### TASK INPUT
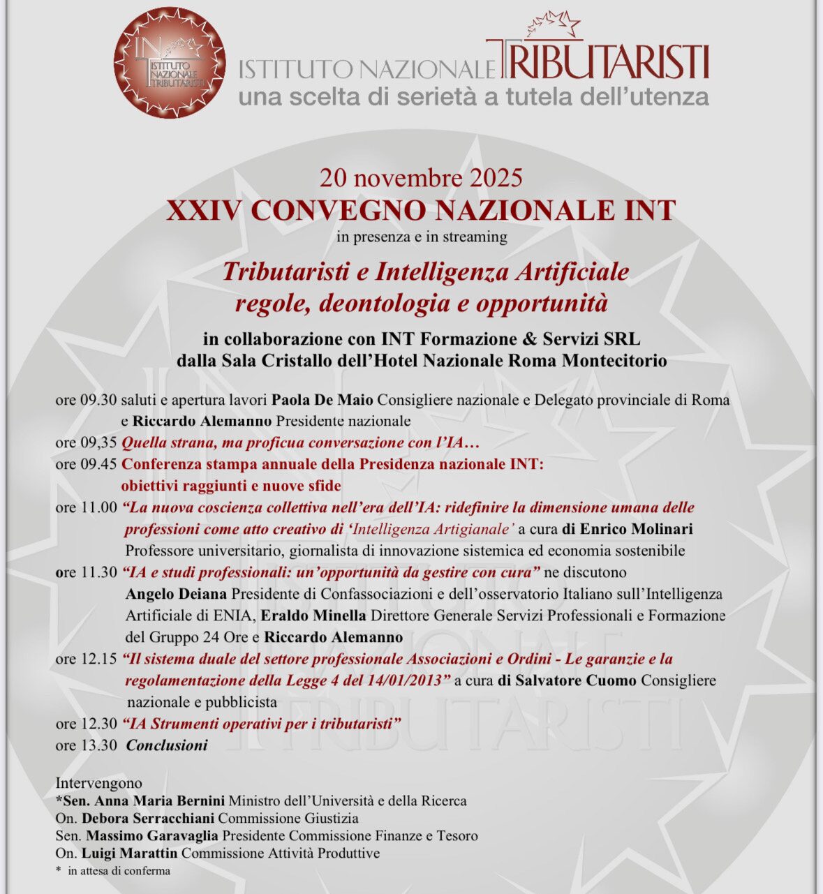 (AGENPARL) - Roma, 19 Novembre 2025Domani giovedì 20 novembre si terrà il XXIV CONVEGNO NAZIONALE dell’Istituto Nazionale Tributaristi (INT) dal titolo “Tributaristi e Intelligenza Artificiale regole, deontologia e opportunità”, in presenza e in streaming dalla Sala Cristallo dell’Hotel Nazionale in Piazza Monte Citorio in Roma. Live sul canale YouTube INT https://www.youtube.com/@istitutonazionaletributa…/streams e sulla pagina facebook dell’Istituto Nazionale Tributaristi https://www.facebook.com/istituto.tributaristi modalità libere ed accessibili a tutti. Per l’ acquisizione di 4 crediti formativi da parte dei tributaristi INT visione esclusivamente su piattaforma digitale zoom come da indicazioni nella newsletter quotidiana. L’apertura dei lavori e i saluti istituzionali saranno a cura di Paola De Maio Consigliere nazionale e Delegato provinciale di Roma e del Presidente Riccardo Alemanno che proseguirà con l’illustrare brevemente una “strana, ma proficua conversazione con l’IA” al termine della quale si terrà la Conferenza stampa della Presidenza nazionale su obiettivi raggiunti e nuove sfide.
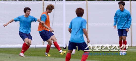 올림픽 축구대표팀 선수들이 24일(현지시간) 영국 뉴캐슬대학 코크레인 파크 스포츠클럽에서 미니게임을 하고 있다.
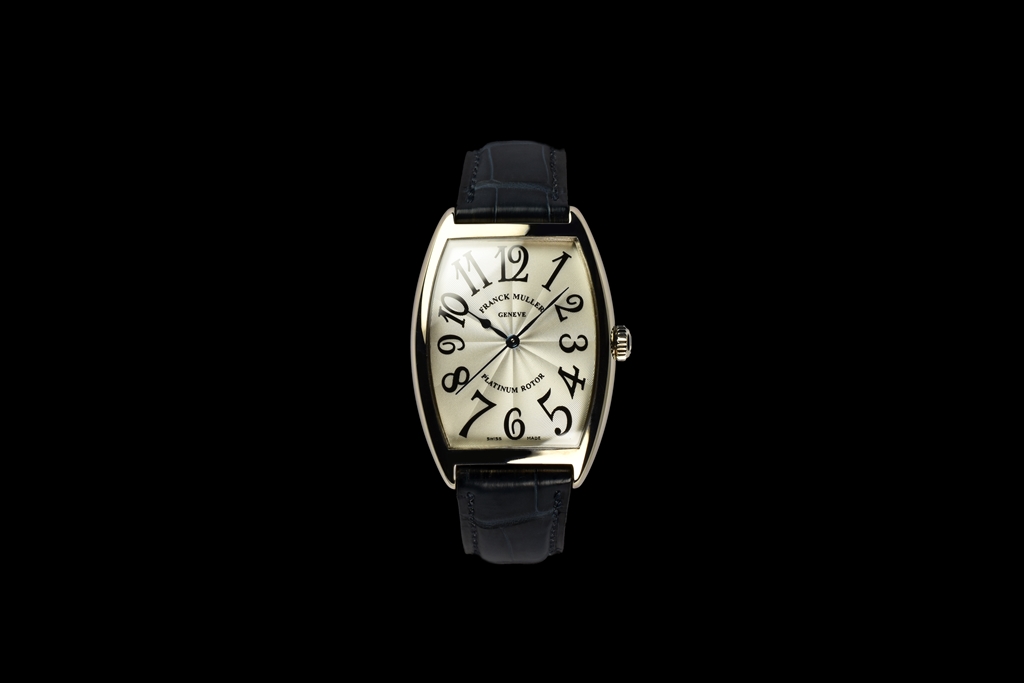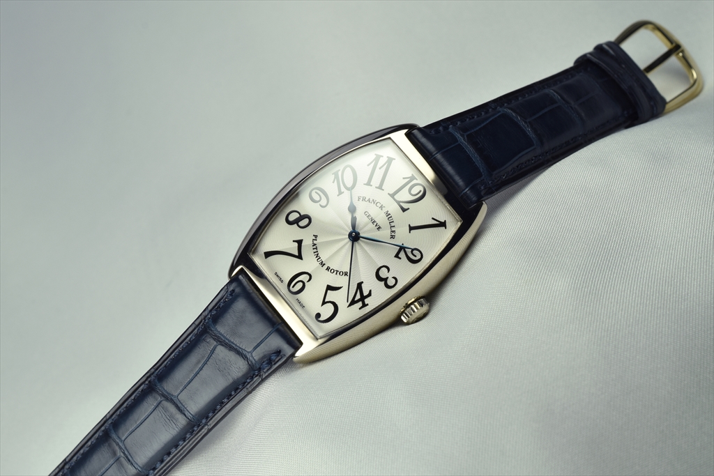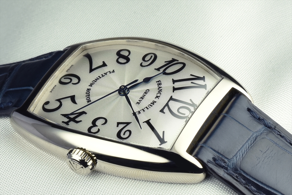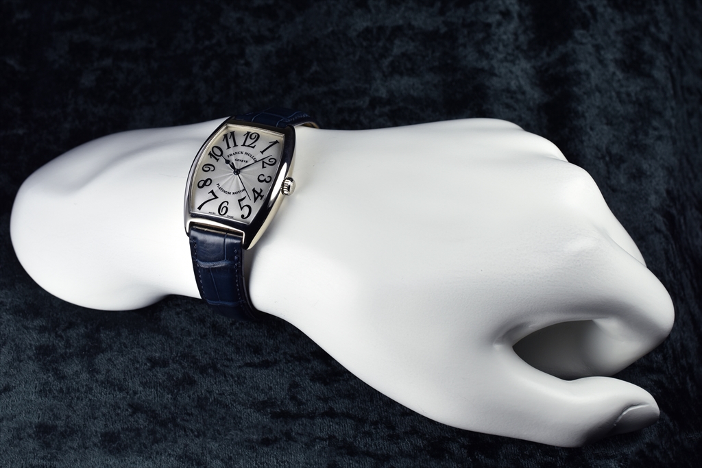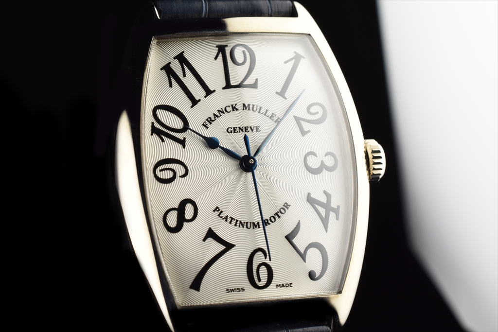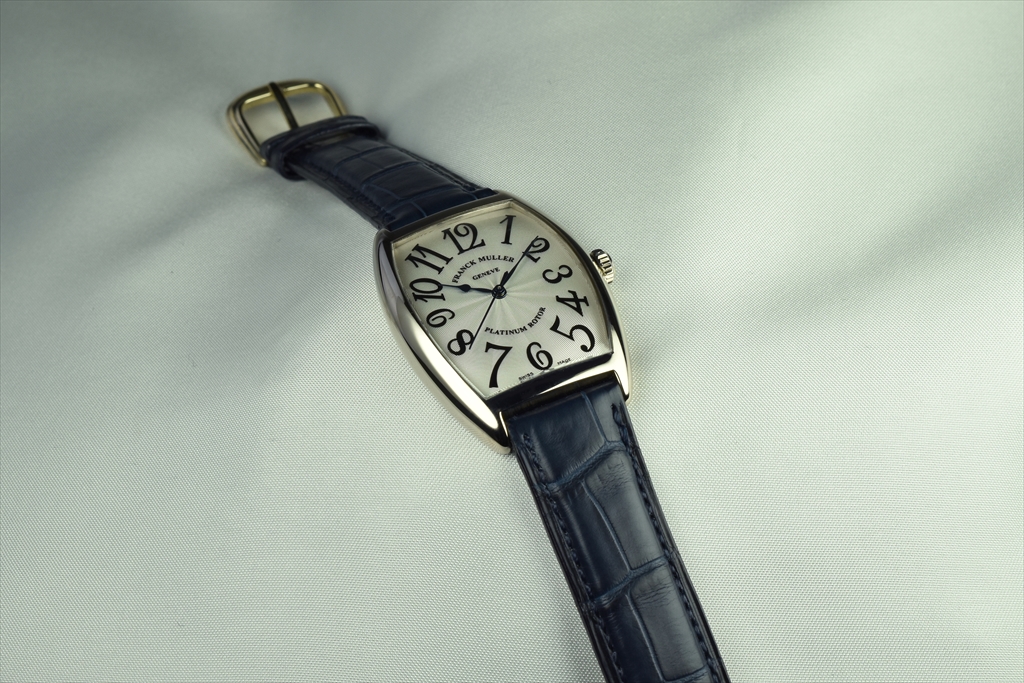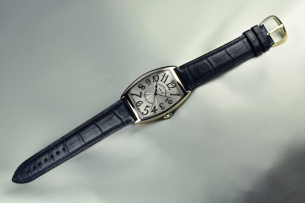 こちらのお品は、初期に生産された個体となり、ダイアルの仕様が現在の同モデルに比べて文字のレタリングが小さくより繊細な印象があります。ギョウシェが入った白の文字盤の上に配置された華奢なビザン数字のインデックスと、繊細なラインのスペード針が上品さを醸し出しており、まさにフランク ミュラーの代表的作品です。
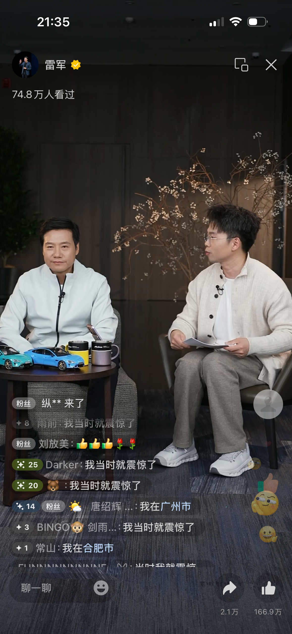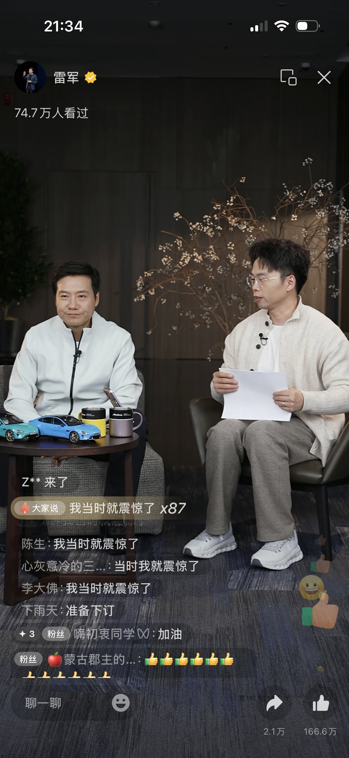 新一代小米SU7预计4月上市 去看了一眼小米的直播,评论开了,结果是这样
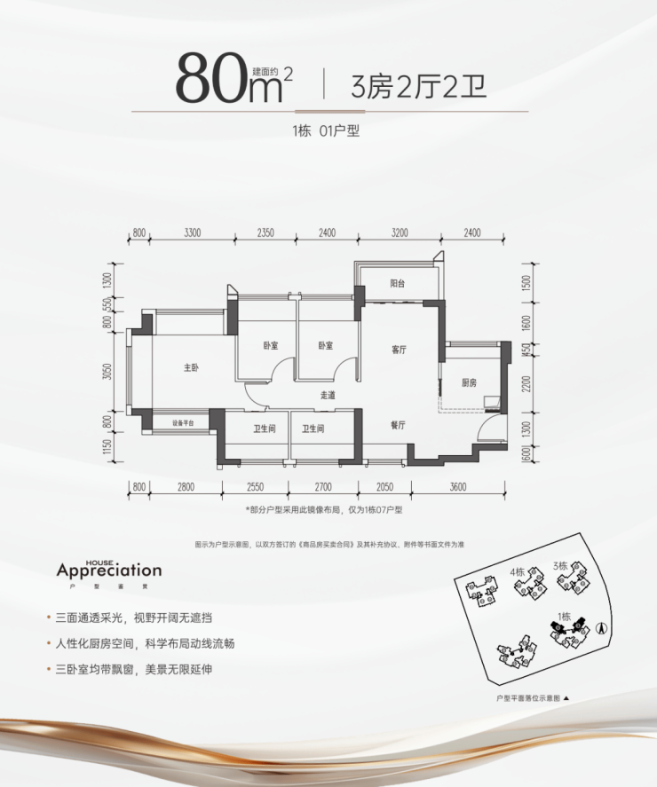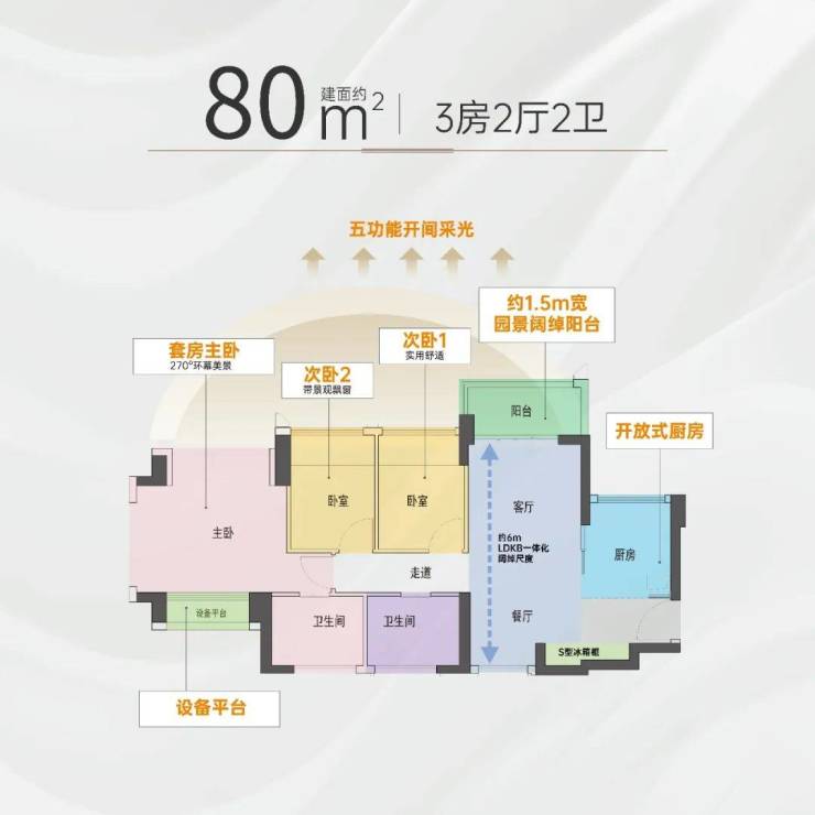 以建面约80㎡3房2卫为例,全屋共8个飘窗,赠送面积约14.34㎡; 阳台进深1.5m,赠送面积2.4㎡;设备平台面积约2.24㎡ ,综合得房率约104%!
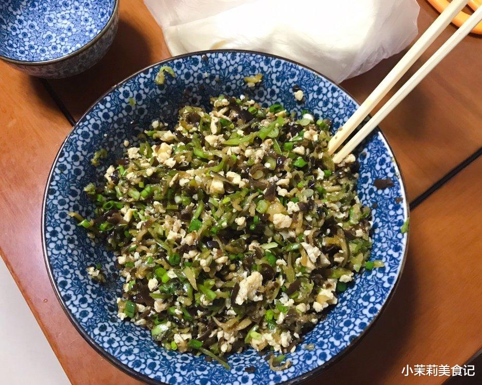 4、所有的食材都装到一起,葱油也倒进去,先拌匀,再酌情补盐,芝麻油,味道调香后开始包。素馅比较散,在包的时候要牢固些,以免散落。
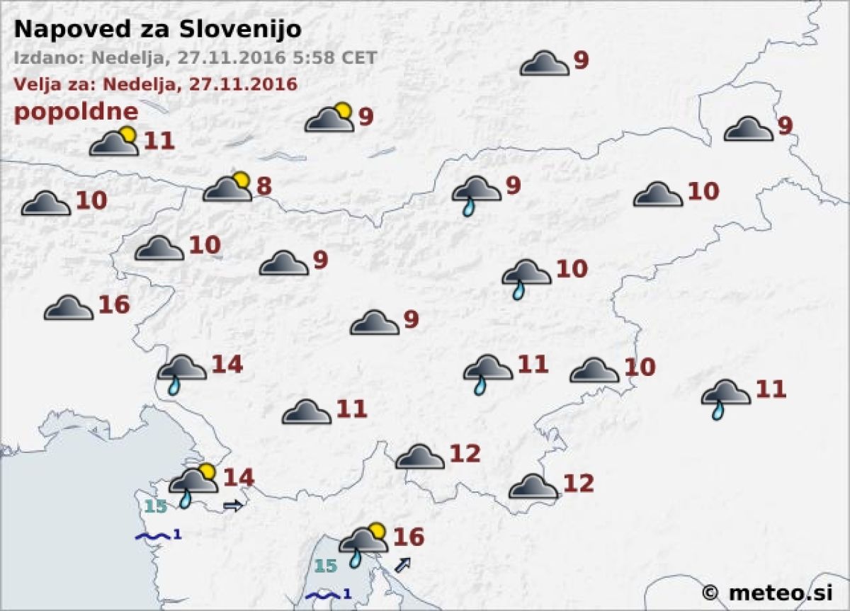 Danes bo oblačno, občasno bo ponekod rahlo deževalo. Najvišje dnevne temperature bodo od 8 do 11, na Primorskem do 14 stopinj Celzija.

### REQUIRED ACTION
Print the data above verbatim from the first line through the line holding "올림픽 축구대표팀 선수들이", leaving every picture out.

### WRITTEN REPLY
 (AGENPARL) - Roma, 19 Novembre 2025Domani giovedì 20 novembre si terrà il XXIV CONVEGNO NAZIONALE dell’Istituto Nazionale Tributaristi (INT) dal titolo “Tributaristi e Intelligenza Artificiale regole, deontologia e opportunità”, in presenza e in streaming dalla Sala Cristallo dell’Hotel Nazionale in Piazza Monte Citorio in Roma. Live sul canale YouTube INT https://www.youtube.com/@istitutonazionaletributa…/streams e sulla pagina facebook dell’Istituto Nazionale Tributaristi https://www.facebook.com/istituto.tributaristi modalità libere ed accessibili a tutti. Per l’ acquisizione di 4 crediti formativi da parte dei tributaristi INT visione esclusivamente su piattaforma digitale zoom come da indicazioni nella newsletter quotidiana. L’apertura dei lavori e i saluti istituzionali saranno a cura di Paola De Maio Consigliere nazionale e Delegato provinciale di Roma e del Presidente Riccardo Alemanno che proseguirà con l’illustrare brevemente una “strana, ma proficua conversazione con l’IA” al termine della quale si terrà la Conferenza stampa della Presidenza nazionale su obiettivi raggiunti e nuove sfide.
 올림픽 축구대표팀 선수들이 24일(현지시간) 영국 뉴캐슬대학 코크레인 파크 스포츠클럽에서 미니게임을 하고 있다.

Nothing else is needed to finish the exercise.